Canadian ice hockey player

Robert George Barlow (born June 17, 1935) is a Canadian retired professional ice hockey player. He played 77 games in the National Hockey League with the Minnesota North Stars between 1969 and 1970, and 51 games in the World Hockey Association between 1974 and 1975. The rest of his career, which lasted from 1955 to 1976, was spent in various minor leagues.

==Playing career==
Barlow was born in Hamilton, Ontario. He was the captain of the Vancouver Canucks of the Western Hockey League during the 1968–69 season. He played in 77 National Hockey League games with the Minnesota North Stars over parts of two seasons and 51 World Hockey Association games with the Phoenix Roadrunners during the 1974–75 season. He retired after that season and became the coach of the Tucson Mavericks in 1975–76. He played 2 games for the team, which marked the end of his playing career.
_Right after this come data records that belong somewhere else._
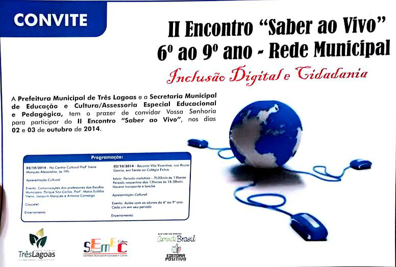 A Prefeitura de Três Lagoas, por meio da Secretaria Municipal de Educação e Cultura e Assessoria Educacional e Pedagógica, realiza nos dias 2 e 3 de outubro o II Encontro “Saber ao Vivo” que visa a Inclusão Digital e Cidadania. O evento engloba alunos do 6º ao 9º da Rede Municipal de Ensino (REME).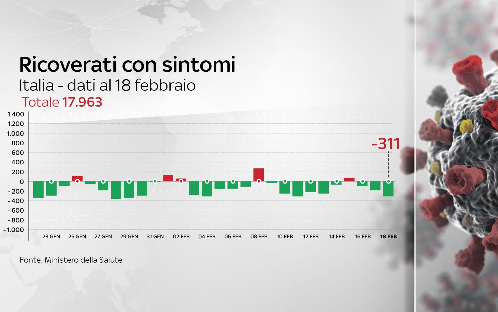 In Italia, dall'inizio della pandemia, le persone risultate positive al coronavirus, compresi guariti e deceduti, sono 2.765.412. Le vittime in totale sono 94.887, con 347 decessi nelle ultime 24 ore. I guariti, sempre nelle ultime 24 ore, sono 17.771, per un totale di 2.286.024. I ricoverati con sintomi sono 17.963 (-311). Sono invece 364.493 le persone in isolamento domiciliare. I tamponi sono in tutto 37.204.747 - di cui 33.274.904 processati con test molecolare e 3.929.843 con test antigenico rapido -, in aumento di 288.458 rispetto al 17 febbraio. I casi testati sono finora 18.645.837, al netto di quanti tamponi abbiano fatto.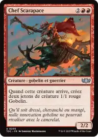 Elle crée 2 jetons gobelins 1/1 en arrivant en jeu et vous permet à chaque fois qu'elle attaque d'exiler autant de cartes que de jetons sous votre contrôle avec des noms différents. Vous pouvez jouer cette carte à chaque tour où vous avez attaqué avec un Commandant.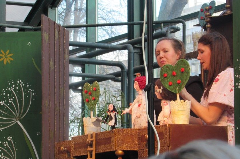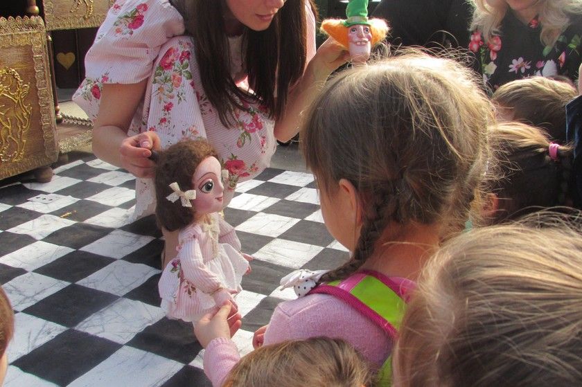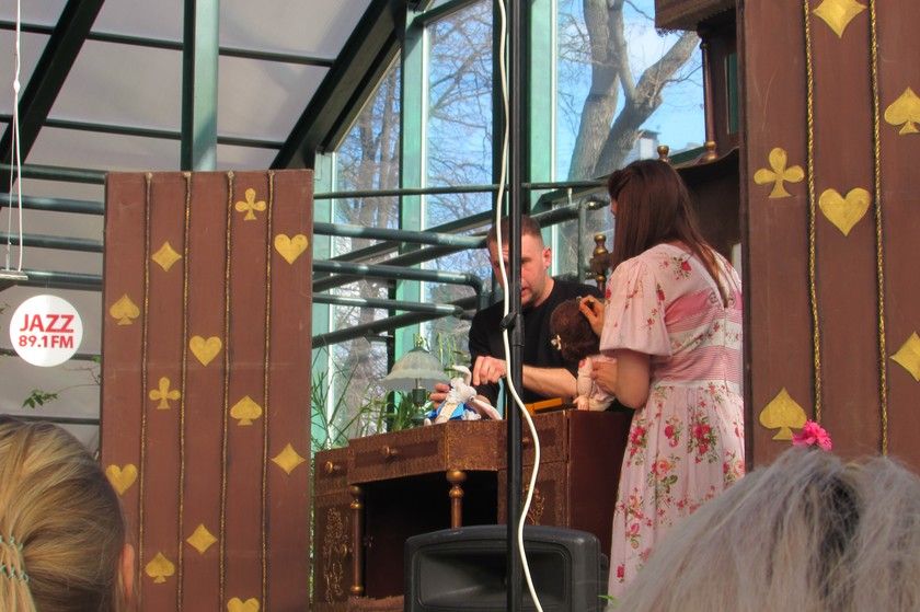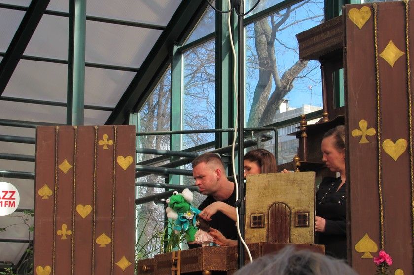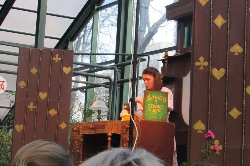 В субботу у нас с девочками был очень длинный день. Начался он с поездки на спектакль «Алиса в Стране чудес» в «Аптекарском огороде. С марта по апрель здесь проходит фестиваль детских спектаклей. „Алиса“ была кукольным спектаклем с разными видами кукол и элементами теневого и драматического театров.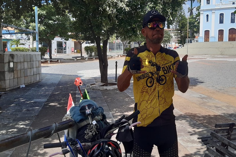 O ciclista baiano José Miguel Ferreira dos Santos, 56 anos, mais conhecido como "Flecha", passou pela cidade de Brumado na última terça-feira (1º). Há cerca de 1 anos e quatro meses ele também esteve em Brumado. Durante esses meses, Flecha passou por vários Estados, entre eles: Alagoas, Goiás, Mato Grosso, Rio Grande do Sul, Santa Catarina, e este ano, volta a Bahia. De acordo com Miguel, em Maceió, o ciclista teve sua bicicleta e todos os pertences roubados, e contou com a ajuda da população local para ganhar outra bicicleta. "Fui jantar na feirinha da cidade e quando voltei tinham levado a bicicleta e minhas roupas, documentos", disse José Miguel. Segundo ele, uma associação de ciclistas de Maceió fez uma vaquinha para ajudá-lo. "Fui muito bem recebido lá e eles fizeram esta vaquinha quando souberam da minha situação", diz. Flecha já percorreu mais de 30 países em cima de uma "magrela". As viagens fazem parte da sua rotina há 38 anos. Conforme Flecha, já sofreu 11 acidentes e perdeu dois amigos e esposa em uma viagem por Bogotá, capital da Colômbia. "Nessa época perdi amigos e minha esposa em um acidente na estrada, fiquei nove meses hospitalizados e tive fraturas na cabeça e nos membros, mas não desisti", relata.

Bob served as the captain of the 1968-69 Vancouver Canucks, where he won the WHL championship that led the Canucks into the NHL. He was one of the most potent scoring machines in that League, and for that matter, in most of the teams he played on. His career spanned twenty-four years in five professional Hockey leagues-NHL, WHL, AHL, CHL, WHA-accumulating a total of 1,052 points (including 522 goals)-one AHL Championship and four WHL Championships.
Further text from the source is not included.